# Brokers and data for Asian markets?



## GreatPig (26 October 2005)

Anyone know of online brokers and data sources (including historic data) for some of the Asian markets? Specifially I'm thinking of Japan, Hong Kong, and Singapore - although possibly China as well.

I see HSBC Online Stockbroking, which I use here, supports Hong Kong and Singapore, but apparently not Japan and China.
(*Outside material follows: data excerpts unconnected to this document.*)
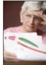
Seniors may qualify for reduced bills from Seattle City Light.

To apply, you'll need to provide income information for all members of the household and information about your home. To find out more or get an application, visit www.seattle.gov/UDP or call 206-684-0268. That single application could also qualify you for assistance with your water, sewer and garbage bills.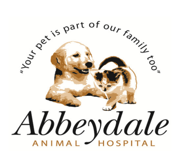
Feline Preventive Healthcare Plans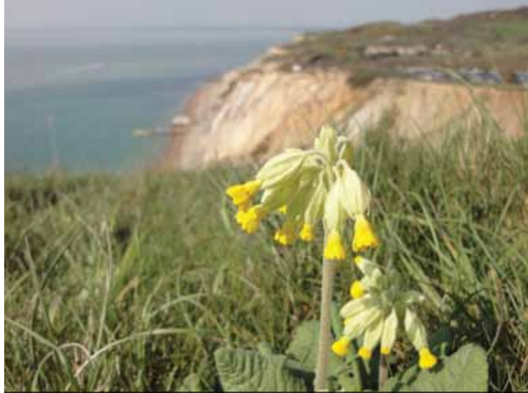
Cowslips at West High Down, overlooking Alum Bay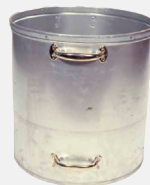
Optional steel container for safe handling of, for example, tins and glass after compaction.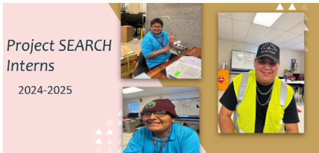
Central Consolidated School District Project SEARCH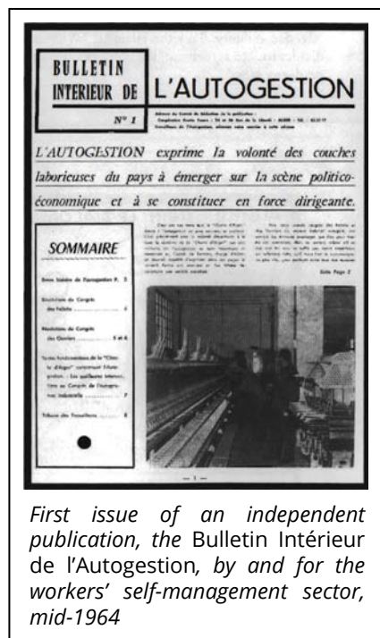
First issue of an independent publication, the Bulletin Intérieur de l'Autogestion, by and for the workers' self-management sector, mid-1964

In the here and now, this demonstrates that we must be organised and openly struggle as anarchists to take advantage of the political moments a revolutionary period offers, and that the political lines we develop early in a struggle can have significant outcomes. One can draw a line between the decision to rely on bombing and military force as the means of revolution in 1954 and the overthrow of Ben Bella and the decay of autogestion in 1965.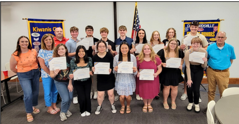
Southmont High School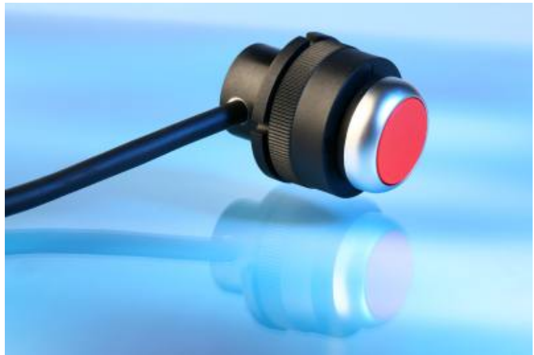
Figure 2. MEDER's MK25 Ex-Approved Reed Sensor

Many facilities, particularly manufacturing environments where dust particles or explosive atmospheres may exist, represent real challenges when it comes to electronic circuitry and switching contacts. Any type of arc can set off an explosion dramatically damaging the facility. Reed switches represent a real switching solution with their hermetically sealed contacts.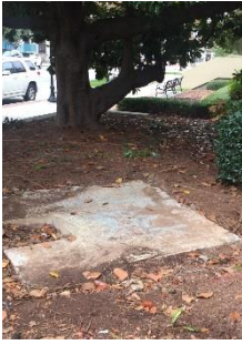
The vacant location where the Confederate Memorial once stood at the Madison County Court House.

In the Dark of night , Thursday, October 22 nd the City/County politicians removed the Confederate monument from the courthouse grounds to Maple Hill Cemetery. An attempt to get an injunction to prevent the removal was refused.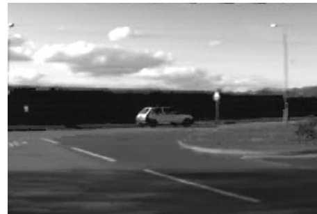
Fig. 3.2b 1 st frame in a road sequence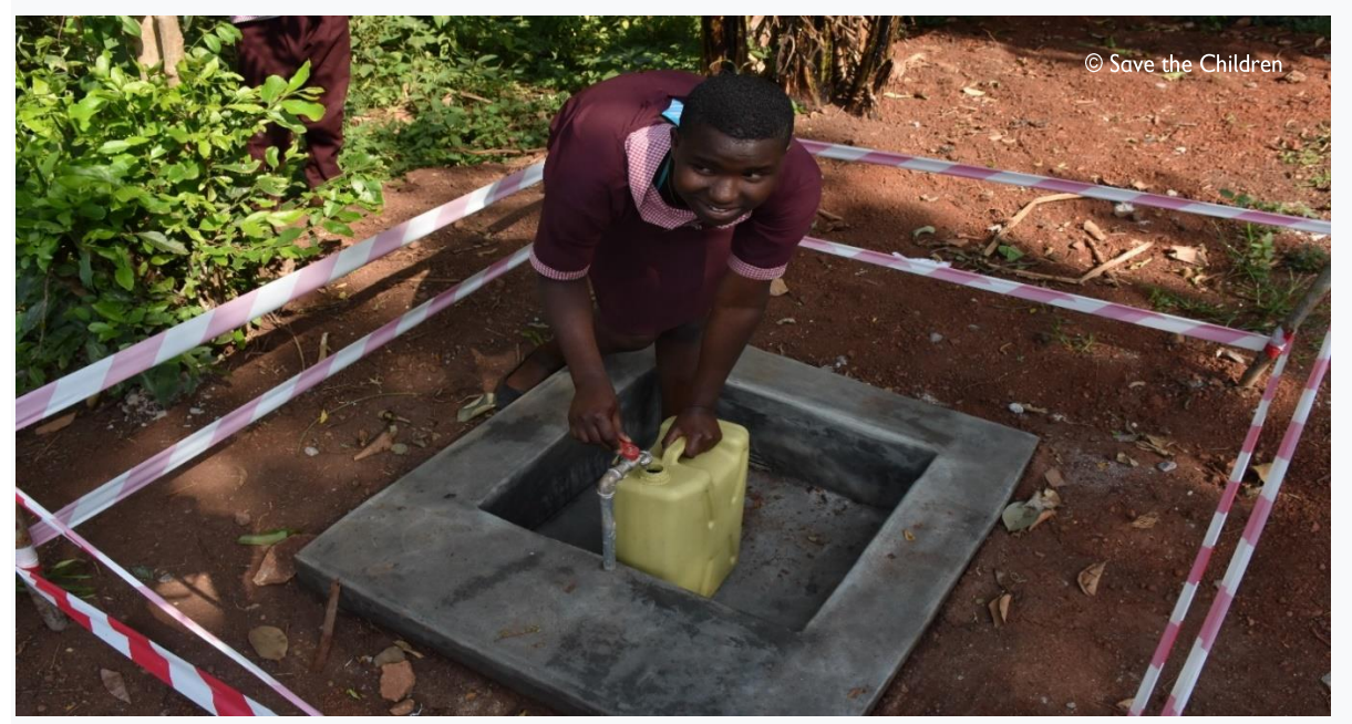
Student easily fills a tank of water from the new tap installed close to the well

And I don't know where I'd get the data from.

Thanks.

GP


----------



## kaveman (26 October 2005)

Brokers I don't know about buut you can get the history and daily update from Justdata
http://www.justdata.com.au/Products/BodhiHistory/index.htm


----------



## GreatPig (26 October 2005)

Thanks, Kaveman.

They have HK & Singapore, but I didn't see Japan.

Cheers,
GP


----------



## markrmau (26 October 2005)

Japan securities are also in the free egoli prochart software, however you don't seem to be able to save the OHLC data to file for backtesting. 

You could try looking around MDSnews.com for ohlc data (where prochart downloads data from), or you could try seeing if you can read the prochart cache data.


----------



## mswiggs (5 February 2006)

Hi GP,
Did you have any luck of finding data for all the asian markets including Japan?

Cheers Mick


----------